Stored dataset items
● ● ● ●

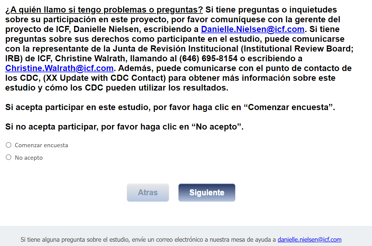 ¿A quién llamo si tengo problemas o preguntas? Si tiene preguntas o inquietudes sobre su participación en este proyecto, por favor comuníquese con la gerente del proyecto de ICF, Danielle Nielsen, escribiendo a Danielle.Nielsen@icf.com. Si tiene preguntas sobre sus derechos como participante en el estudio, puede comunicarse con la representante de la Junta de Revisión Institucional (Institutional Review Board; IRB) de ICF, Christine Walrath, llamando al (646) 695-8154 o escribiendo a Christine.Walrath@icf.com. Además, puede comunicarse con el punto de contacto de los CDC, (XX Update with CDC Contact) para obtener más información sobre este estudio y cómo los CDC pueden utilizar los resultados.
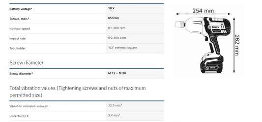 BOSCH GDS 18 V-EC 250 Cordless Impact Wrench (Bare Tool)
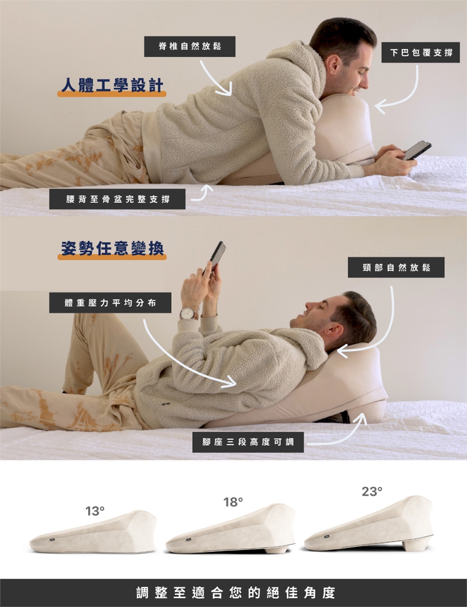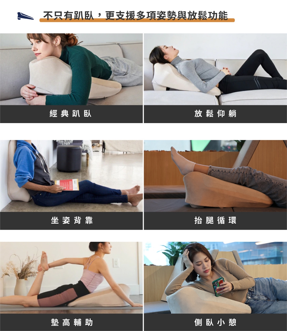 ✓趴臥、仰躺、坐靠、抬腿、運動支撐,完全支援
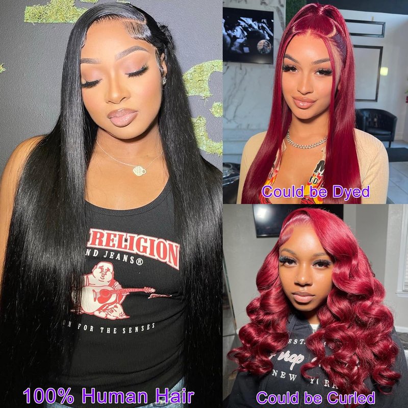- Straight Lace Frontal Wigs Advantage:13x4 Swiss Lace Straight Wig Around, Tangle&Shedding Free, Healthy&Natural, No Smell, 180% Density, 9A Pre Plucked Hairline with Baby Hair, Can be Premed, Curly ,Bleached, Dyed and Restyled
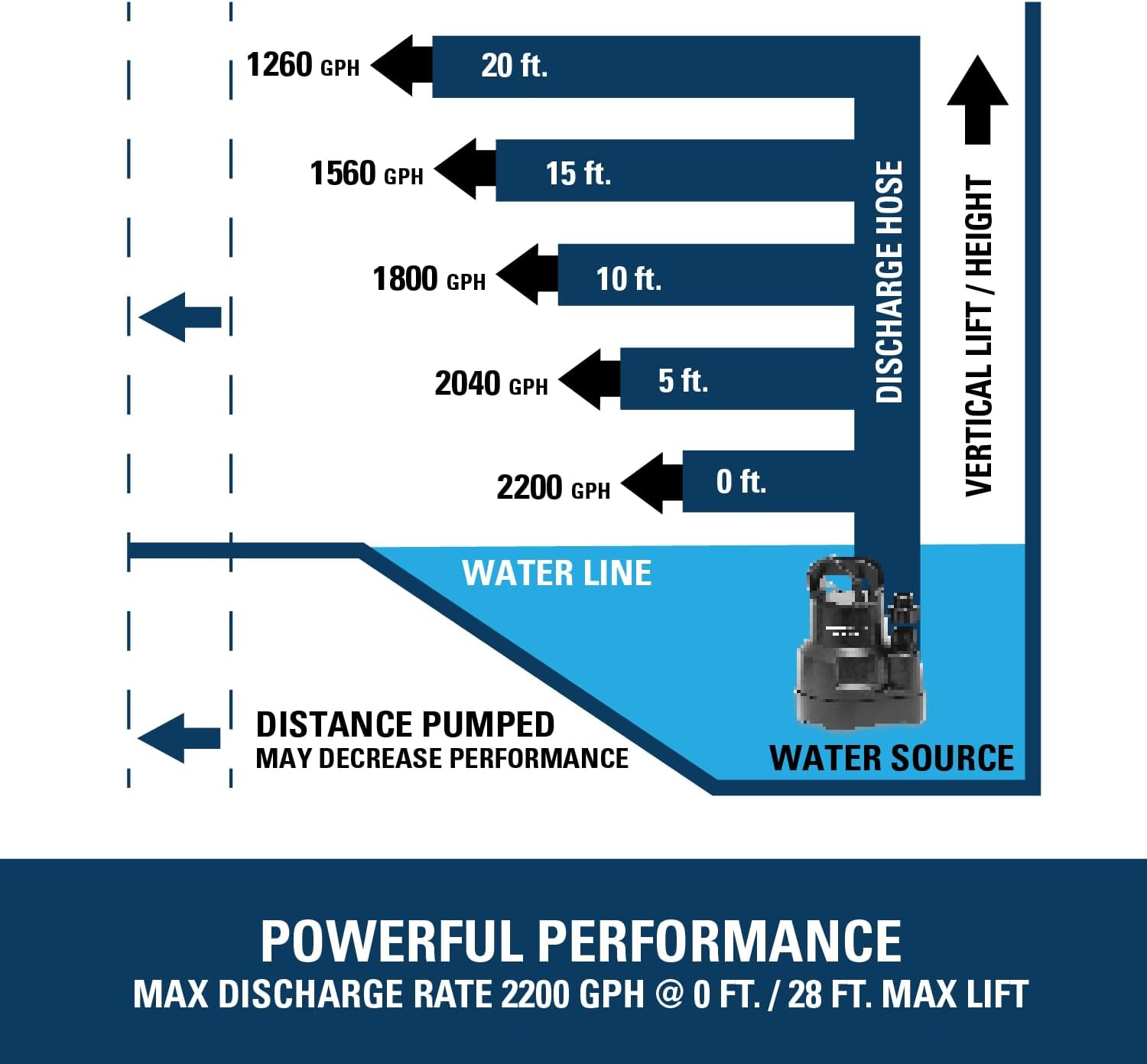 - •1/4 HP high-flow utility pump moves up to 2220 gallons per hour; pumps water up to 25-vertical feet
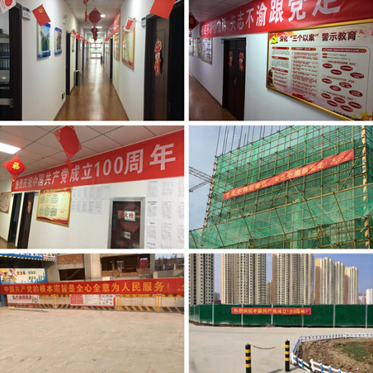 鑄就百年輝煌,書寫千秋偉業(yè)。為迎接中國共產(chǎn)黨成立100周年,六分公司機關(guān)及所屬項目部紛紛懸掛張貼了有關(guān)慶祝中國共產(chǎn)黨成立100周年的標(biāo)語,營造濃厚的宣傳氛圍,把黨史學(xué)習(xí)教育進一步推向深入,大力營造“黨的盛典、人民的節(jié)日”濃厚氛圍,充分展示中國共產(chǎn)黨百年光輝歷程、偉大成就和寶貴經(jīng)驗,全面營造濃厚氛圍, 共慶黨的百年華誕,大力唱響共產(chǎn)黨好、社會主義好,改革開放好、偉大祖國好、各族人民好的時代主旋律。
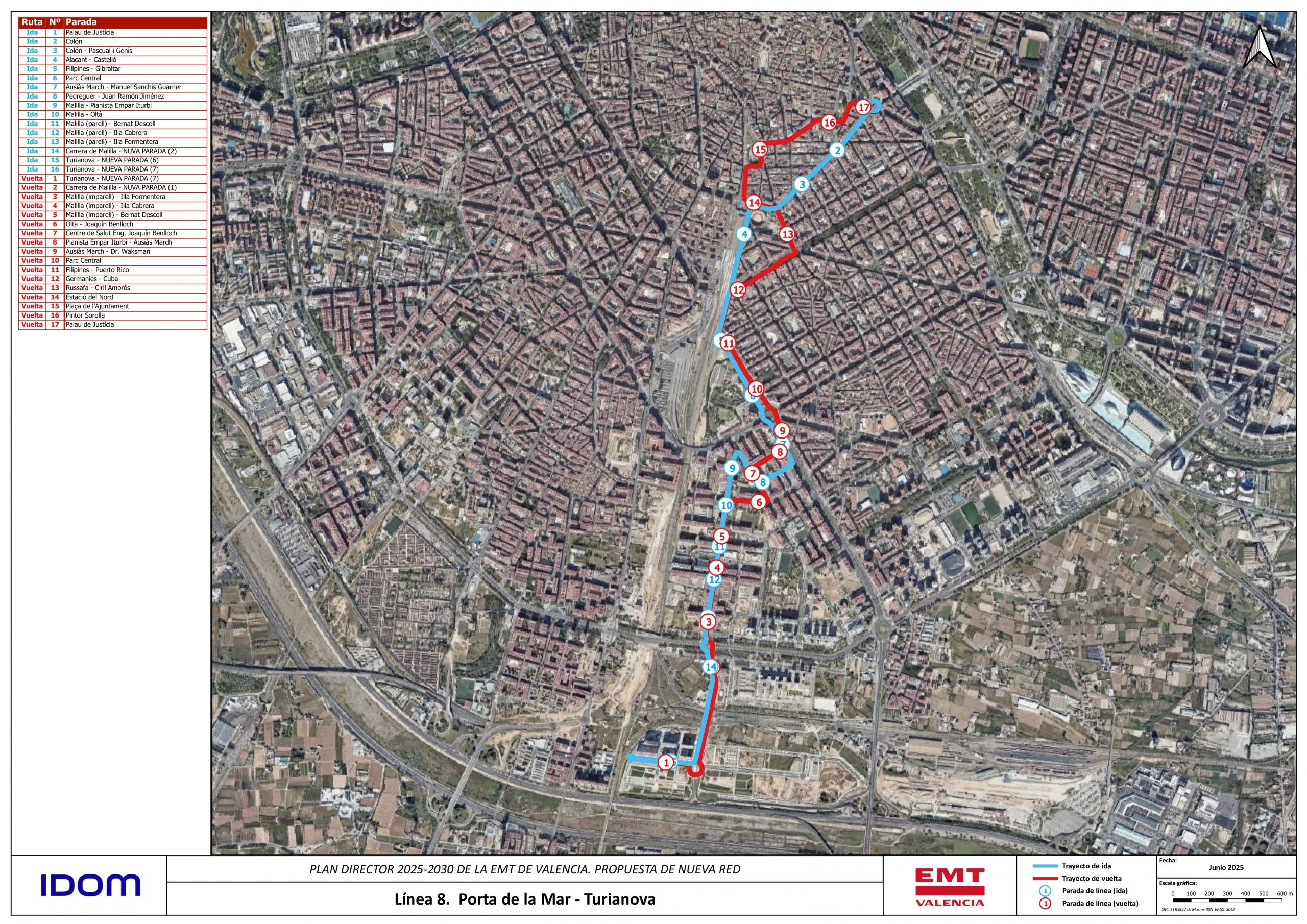 Las primeras líneas en implantarse del nuevo Plan Director que ha preparado la Empresa Municipal de Transportes (EMT) para 2025-2030 serán las que lleguen a los nuevos barrios de Turianova y Sociópolis. La primera será una prolongación de la línea 8, con paradas en la citada zona de expansión de la ciudad. Además, se habilitará otra línea que se llamará 9-S y comunicará con Sociópolis.

● ● ● ●

- [PROBLEM DETAILS]:
Every record above needs to be repeated exactly; pictures are to be left out.

- [OUTPUT]:
 ¿A quién llamo si tengo problemas o preguntas? Si tiene preguntas o inquietudes sobre su participación en este proyecto, por favor comuníquese con la gerente del proyecto de ICF, Danielle Nielsen, escribiendo a Danielle.Nielsen@icf.com. Si tiene preguntas sobre sus derechos como participante en el estudio, puede comunicarse con la representante de la Junta de Revisión Institucional (Institutional Review Board; IRB) de ICF, Christine Walrath, llamando al (646) 695-8154 o escribiendo a Christine.Walrath@icf.com. Además, puede comunicarse con el punto de contacto de los CDC, (XX Update with CDC Contact) para obtener más información sobre este estudio y cómo los CDC pueden utilizar los resultados.
 BOSCH GDS 18 V-EC 250 Cordless Impact Wrench (Bare Tool)
 ✓趴臥、仰躺、坐靠、抬腿、運動支撐,完全支援
- Straight Lace Frontal Wigs Advantage:13x4 Swiss Lace Straight Wig Around, Tangle&Shedding Free, Healthy&Natural, No Smell, 180% Density, 9A Pre Plucked Hairline with Baby Hair, Can be Premed, Curly ,Bleached, Dyed and Restyled
 - •1/4 HP high-flow utility pump moves up to 2220 gallons per hour; pumps water up to 25-vertical feet
 鑄就百年輝煌,書寫千秋偉業(yè)。為迎接中國共產(chǎn)黨成立100周年,六分公司機關(guān)及所屬項目部紛紛懸掛張貼了有關(guān)慶祝中國共產(chǎn)黨成立100周年的標(biāo)語,營造濃厚的宣傳氛圍,把黨史學(xué)習(xí)教育進一步推向深入,大力營造“黨的盛典、人民的節(jié)日”濃厚氛圍,充分展示中國共產(chǎn)黨百年光輝歷程、偉大成就和寶貴經(jīng)驗,全面營造濃厚氛圍, 共慶黨的百年華誕,大力唱響共產(chǎn)黨好、社會主義好,改革開放好、偉大祖國好、各族人民好的時代主旋律。
 Las primeras líneas en implantarse del nuevo Plan Director que ha preparado la Empresa Municipal de Transportes (EMT) para 2025-2030 serán las que lleguen a los nuevos barrios de Turianova y Sociópolis. La primera será una prolongación de la línea 8, con paradas en la citada zona de expansión de la ciudad. Además, se habilitará otra línea que se llamará 9-S y comunicará con Sociópolis.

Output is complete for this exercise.